Exercise prompt:
Your response to the data below should hold nothing except the lines from the one containing "Berkenan dengan telah" down to the one containing "CSV ile ürün", reproduced exactly and without pictures.

Recorded data:

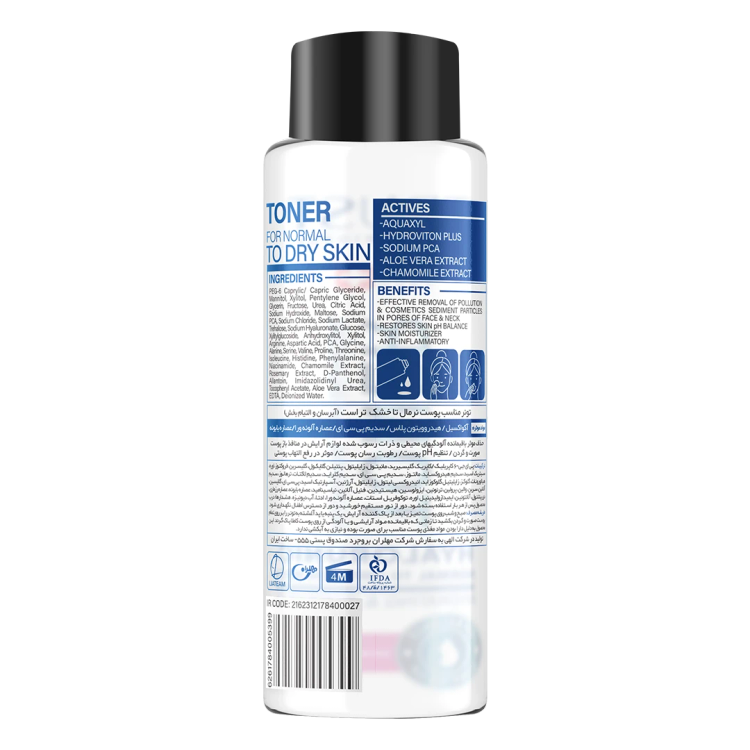 تونر مناسب پوست نرمال تا خشک تراست، با داشتن ماده آکواکسیل در ترکیبات خود، پوست را آبرسانی کرده و با ایجاد یک سد دفاعی روی پوست، مانعِ از دست دادن آب پوستی میشود. هیدروویتون پلاس در این محصول، مرطوبکننده قوی پوست بوده و سدیم پی سی ای این تونر از خشکی پوست جلوگیری میکند. همچنین عصاره بابونه در این ترکیب از آسیب رادیکالهای آزاد به پوست جلوگیری کرده و عصاره آلوئهورا التهابات پوستی را کاهش میدهد.
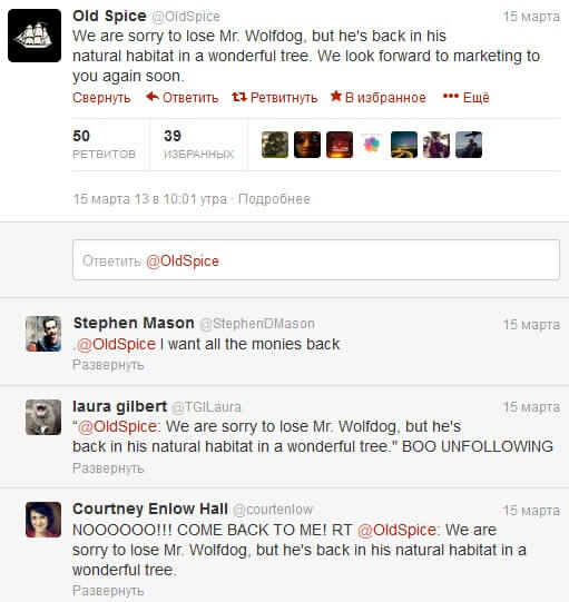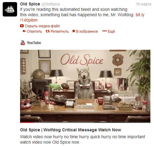 Тот, кто хоть раз видел ролики Old Spice, не забудет их никогда. Бренд также ведет активную жизнь в социальных сетях и не боится экспериментов. Например, не так давно компания передала свой Twitter-аккаунт своему новому директору по маркетингу Мистеру Волкодаву (Mr. Wolfdog).
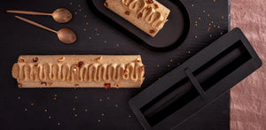 The smart Flexipan® Log Mold is the perfect for making two different dishes in the same mold, for example, a vanilla hazelnut Yule log on one side and a raspberry mascarpone log on the other.
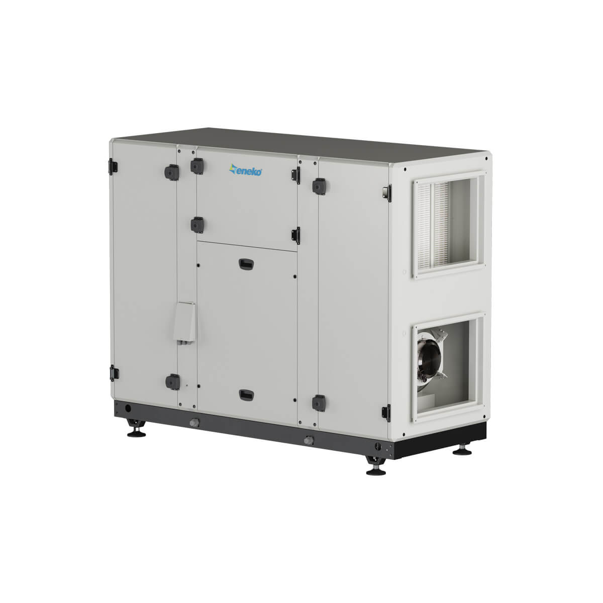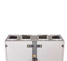 • Hava debisine göre iki farklı alternatif, 8 model, nominal debisi 950 – 10200 m3/h olan; ERV Serisi santraller yatay akışlı / çıkışlı
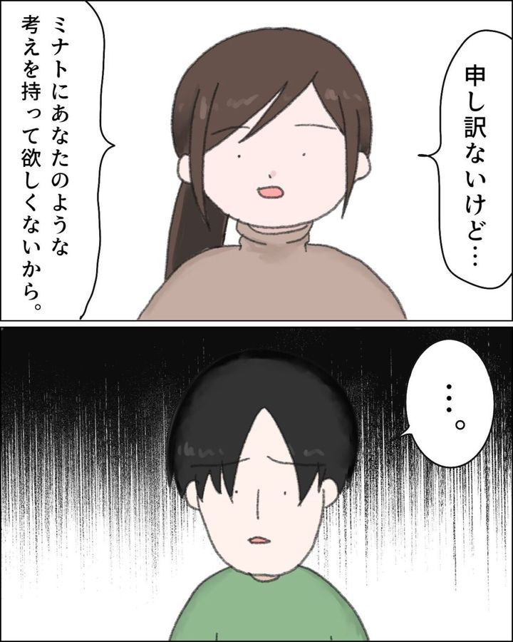 「申し訳ないけど・・・ミナトにあなたのような考えを持って欲しくないから」と私の意見を夫にしっかり伝えました。
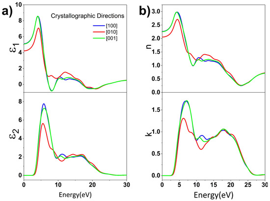 We also studied the linear optical properties of LiAl(IO3)4, calculating the complex relative permittivity . The curves of the dielectric function of LiAl(IO3)4 as a function of the photon energy along the main crystallographic axes, [100], [010], and [001], are shown in Figure 9a. The scissor correction was also added in the computation of optical properties, to avoid underestimation of the band gap due to PBE.
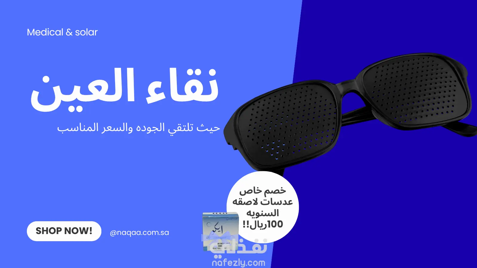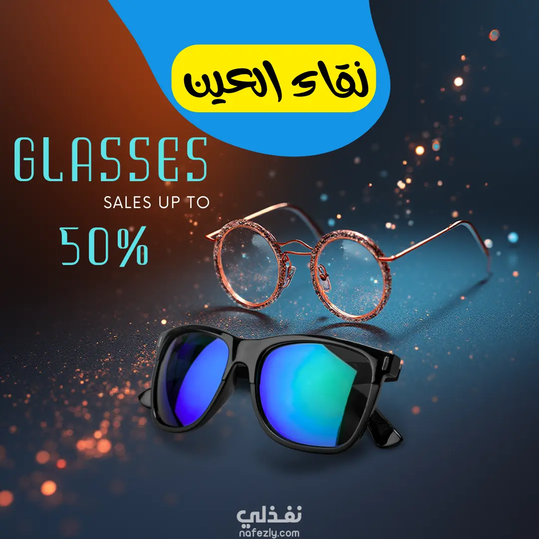تصميم إعلان دعائي احترافي لمتجر نظارات "نقاء العين"،
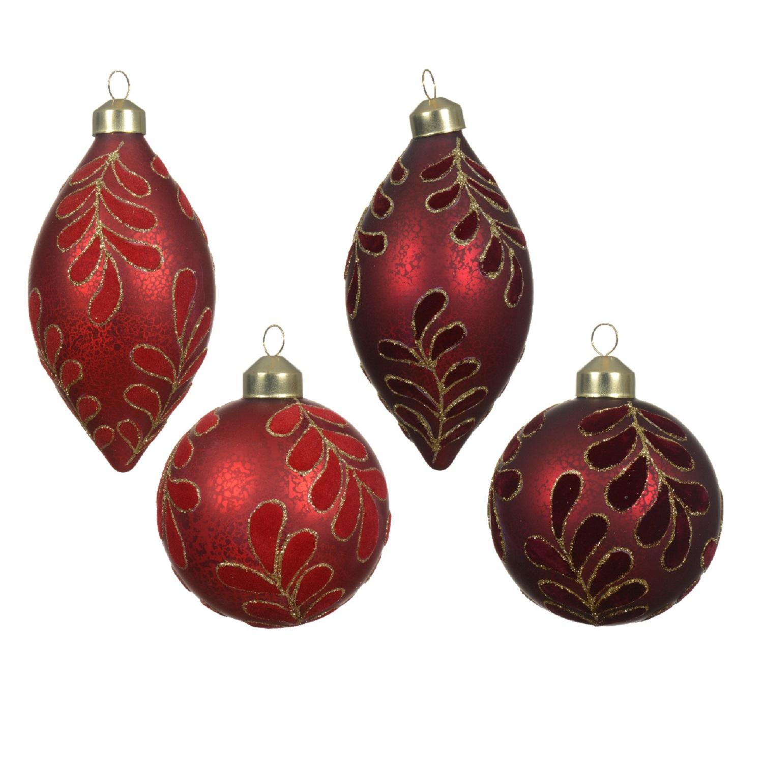 Шар/ Олива стекло красная/бордовая с бархатными листьями d8см 4 в ассорт
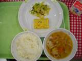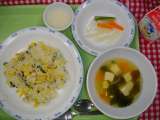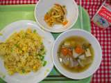 献立は 「青菜の炒飯、ピクルス、豆腐とわかめのスープ、杏仁豆腐、牛乳」です。 ...
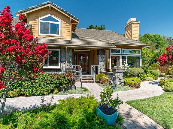 Visually Pleasing! This home is beautifully updated and boasts five bedrooms, four full baths. plus an office/den/media room. Custom Kitchen has plenty of counter space, breakfast nook and a walk in pantry with extra storage. Kitchen living room combo features a wet bar and custom tiled fireplace. Primary suite, bedroom and two full baths on main floor. Primary suite incudes a fireplace. Three bedrooms including a Jack and Jill bedroom on second floor plus an extra large bonus room for crafting, office space, media/play room or extra storage. Formal dining room includes a custom fireplace. 3/4 inch solid hardwood flooring throughout the home. Indoor laundry room includes a sink and an extra large butcher block counter top. Unique luxury features throughout the home and property. Located in the Scenic Cielo Vista neighborhood. Owned Solar. This half acre lot includes (2) 20 foot Steel pergolas with pavered bases, a raised redwood deck with a swim spa-hot tub combo. Fruit Trees!
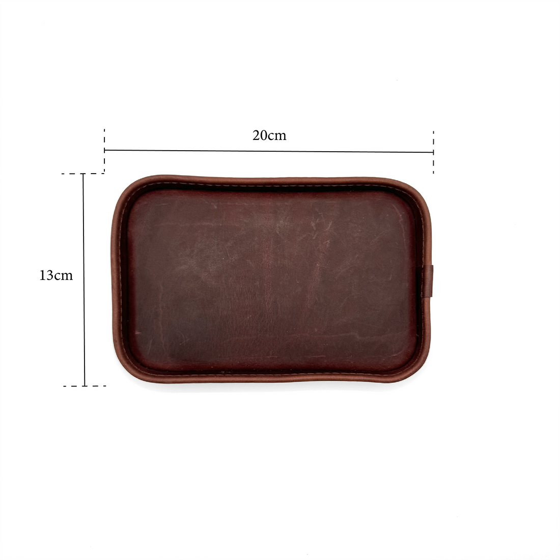 素材の厚みを最大限に生かすため、芯材を使わず制作したオールレザートレー。 鞄を作る際に用いられる”捨てマチ技法”を使用し、縁を縫い付け、使いやすくしなやかさと温かみが感じられる特別な製品です。アクセサリーや小物を置いたり、ディスプレイのほか、キャッシュトレーとしても多種多様な使い方が可能。
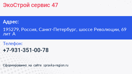 ЭкоСтрой сервис 47 по адресу 195279, Россия, Санкт-Петербург, шоссе Революции, 69 лит А в дальнейшем Организация, размещена в следующих категориях:
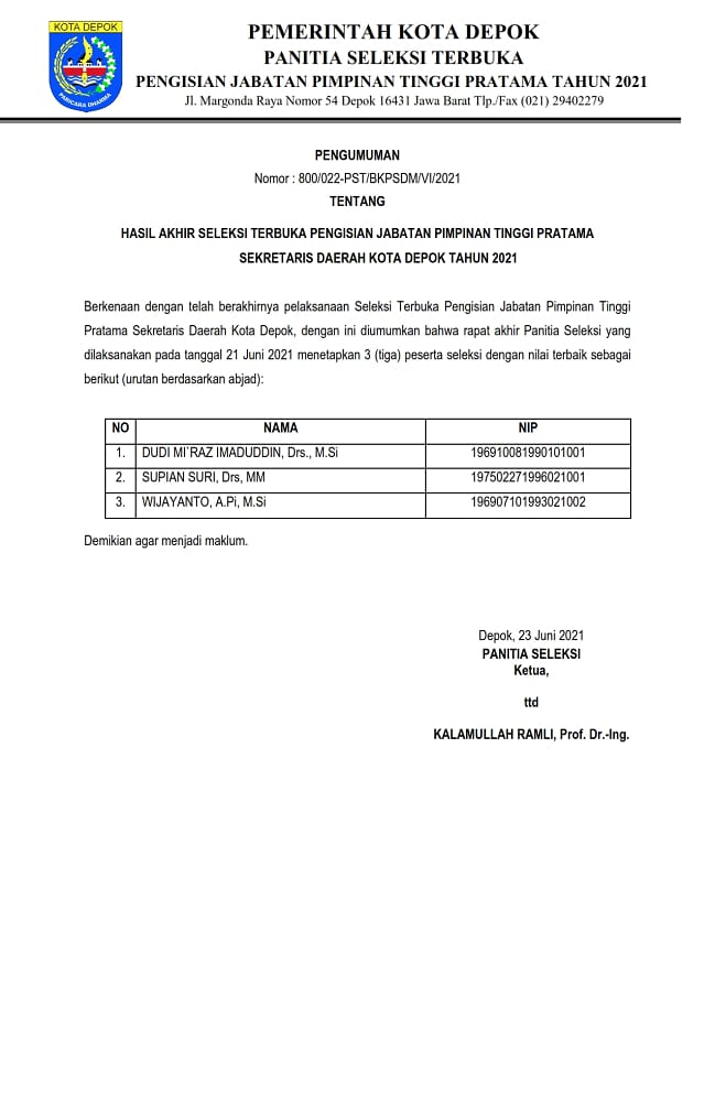 Berkenan dengan telah berakhirnya Seleksi Terbuka Pengisian Jabatan Tinggi Pratama Sekretaris Daerah Kota Depok, dengan ini diumumkan bahwa rapat akhir Panitia Seleksi yang dilaksanakan pada tanggal 21 Juni 2021 menetaptkan tiga peserta seleksi dengan nilai terbaik,” ujar Kalamullah Ramli, melalui keterangan resminya, Rabu (23/6/2021).
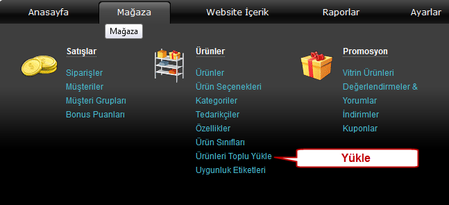 CSV ile ürün yüklemek için "Mağaza" >> "Ürünler" >> "Yükle" menüsüne girmeniz gerekiyor.
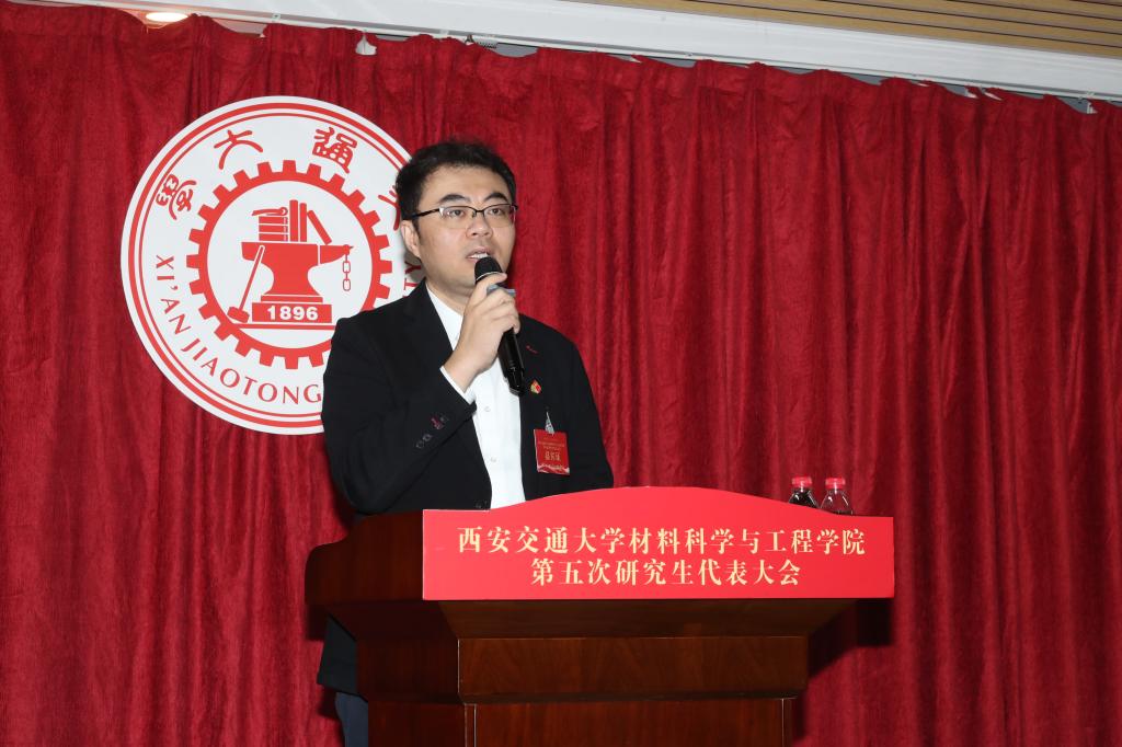 团委书记李博副教授代表学院团委向学院研究生会表达了衷心感谢。他希望新当选的各位研究生代表和主席团成员作为研究生代表要起到先锋模范作用,有大局意识,把家国情怀厚植于心;注重个人能力的提升,拥有更加优秀的综合素养;团结同学,凝聚力量,能够及时为同学们排忧解难,营造积极向上的学术氛围;成为连接老师和学生的桥梁,带领大家追求卓越,突破自我;在工作中有自己的创新和独到之处,能在新时期提出新办法、新措施,把 牵手

Exercise response:
 Berkenan dengan telah berakhirnya Seleksi Terbuka Pengisian Jabatan Tinggi Pratama Sekretaris Daerah Kota Depok, dengan ini diumumkan bahwa rapat akhir Panitia Seleksi yang dilaksanakan pada tanggal 21 Juni 2021 menetaptkan tiga peserta seleksi dengan nilai terbaik,” ujar Kalamullah Ramli, melalui keterangan resminya, Rabu (23/6/2021).
 CSV ile ürün yüklemek için "Mağaza" >> "Ürünler" >> "Yükle" menüsüne girmeniz gerekiyor.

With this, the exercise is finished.